Steal these 4 steps to improve how you plan and manage headcount this year. 

Maintain

Nearly everyone I talk with who just wrapped up annual planning struggled with headcount changes from when planning started to when the process ended. You take a snapshot of employees, reqs, and requests, but there’s a ton of change throughout a 1-3 month planning cycle. 

Maintain a single source of truth with regular syncs of information from your source systems (plans, ATS, HRIS, etc.). Any tracker, analysis, or planning should reference this data source, so everyone is always aligned. 

Track

As much as a new year brings a clean slate, the reality is things will undoubtedly change, and our annual plans quickly become stale. Don’t track change requests (new headcount requests, swaps, transfers, backfills, etc.) in email or slack. Create a process that allows you to be in the know and keep a record of what was approved and when. 

Automate

Be thoughtful about how information flows from planned headcount to requisition to an employee. Maintaining a common thread across these systems and processes with unique IDs will reduce conflicts in your data and the need to reconcile manually.
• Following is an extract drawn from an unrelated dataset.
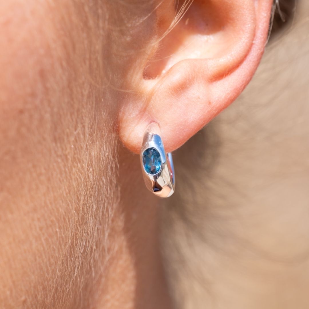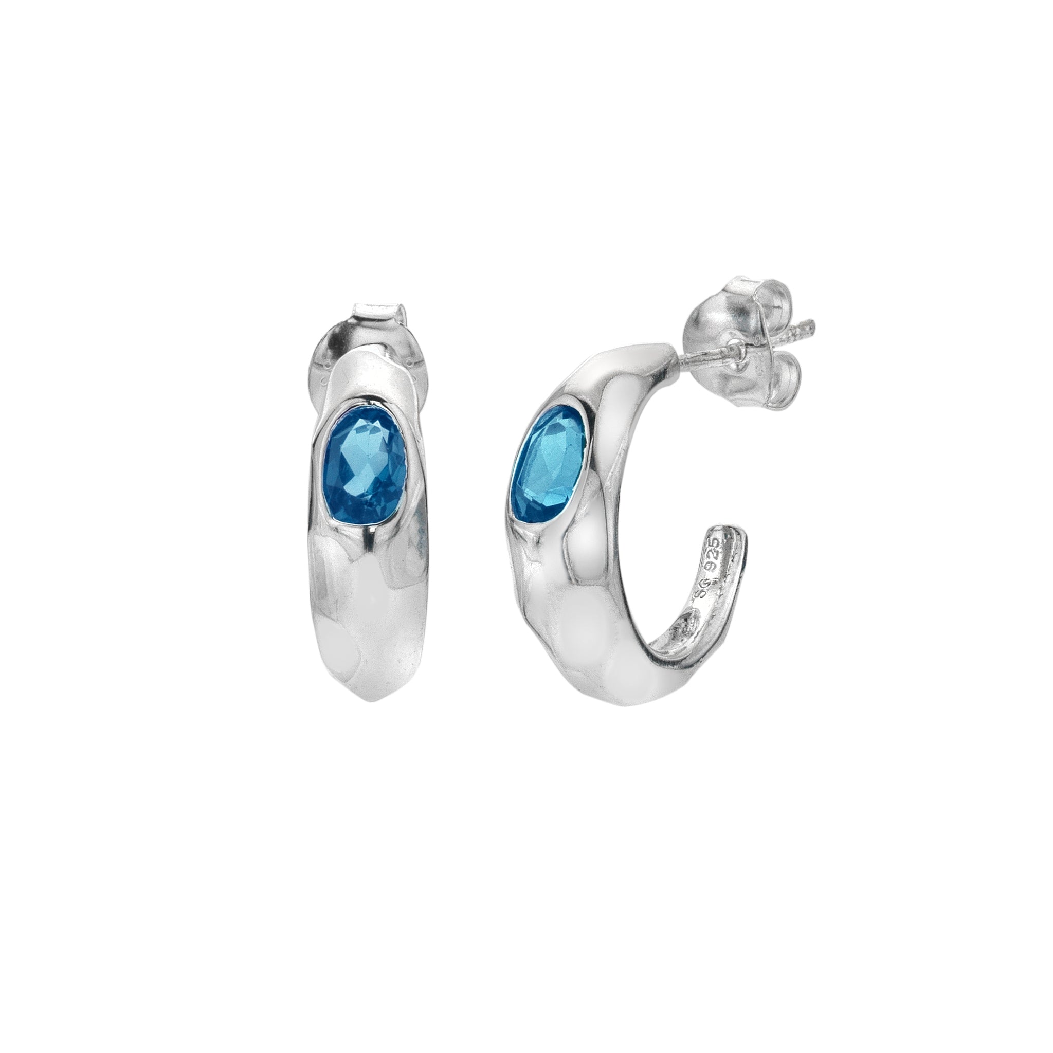 Inspired by the secret coves, naturally formed around Cornwall, these chunky Cove Hoops feature a deep London Blue Topaz stone in the centre. The sterling silver hoops are lightly hammered meaning they gently catch the light with each movement. Elegant and stylish, they elevate any outfit and make a beautiful gift for someone special.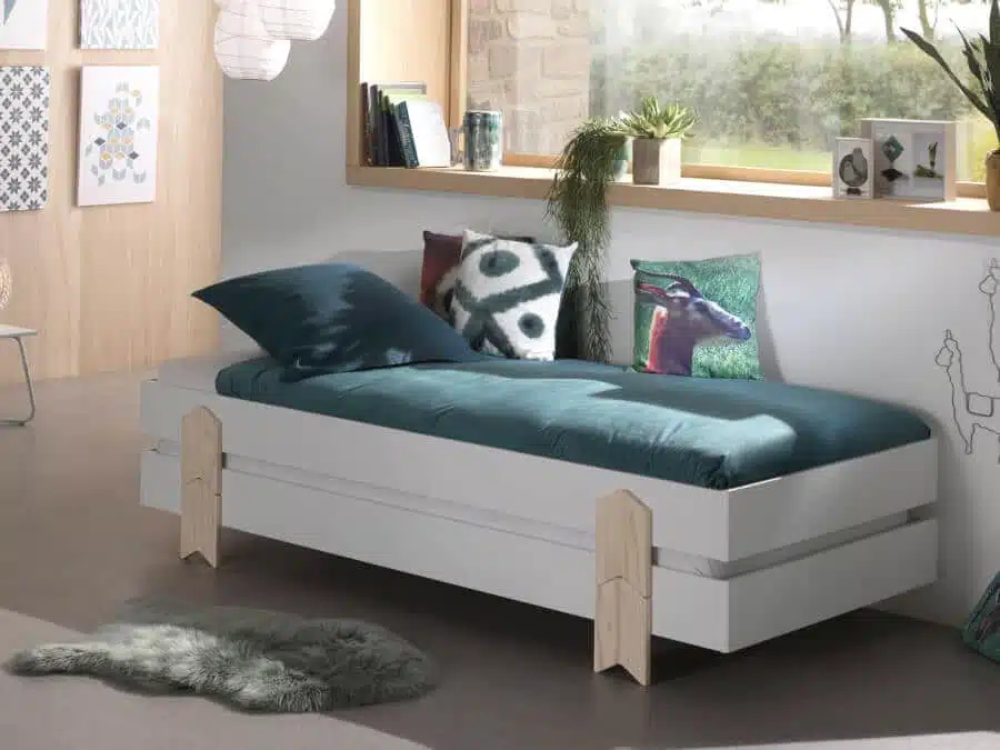 Deze set bestaat uit 2x het handige Vipack Modulo Arrow eenpersoonsbed. Dit bed is stapelbaar. Wanneer je er dus meerdere hebt kun je in no-time een logeerbed tevoorschijn toveren. Het bed is afgewerkt met milieu vriendelijke witte lak en heeft massief grenen pootjes in de vorm van een pijl. Dit bed is ook beschikbaar met andere poten; een smiley of puzzelstuk. De lattenbodem is inbegrepen. De matrasmaat is 90×200 en een geschikt matras kun je los bij bestellen. Voor dit bed adviseren we de Vipack Soft of Soft Deluxe.

Build dashboards for standard reports and give visibility into day-to-day performance. Businesses are concerned about under-hiring or overspending and the implications on growth, margins, and culture. Bring attention to key metrics and watch performance follow. 

Decentralize

Give hiring plan visibility to managers and recruiting. Most finance teams don’t have the resources to sit down with hiring managers, especially during planning season. Plans are centralized in FP&A systems that are too sensitive or complicated to share. Find ways to disseminate information to promote accountability and reduce conflicts. 

Empower budget-owners with tools that they can use to see the financial impact of their moves. It’s frustrating and inefficient to run an analysis every time someone wants to see a scenario. 

Headcount is the fundamental unit for Finance. It drives everything. It’s worth the time and investment to get right, no matter your stage.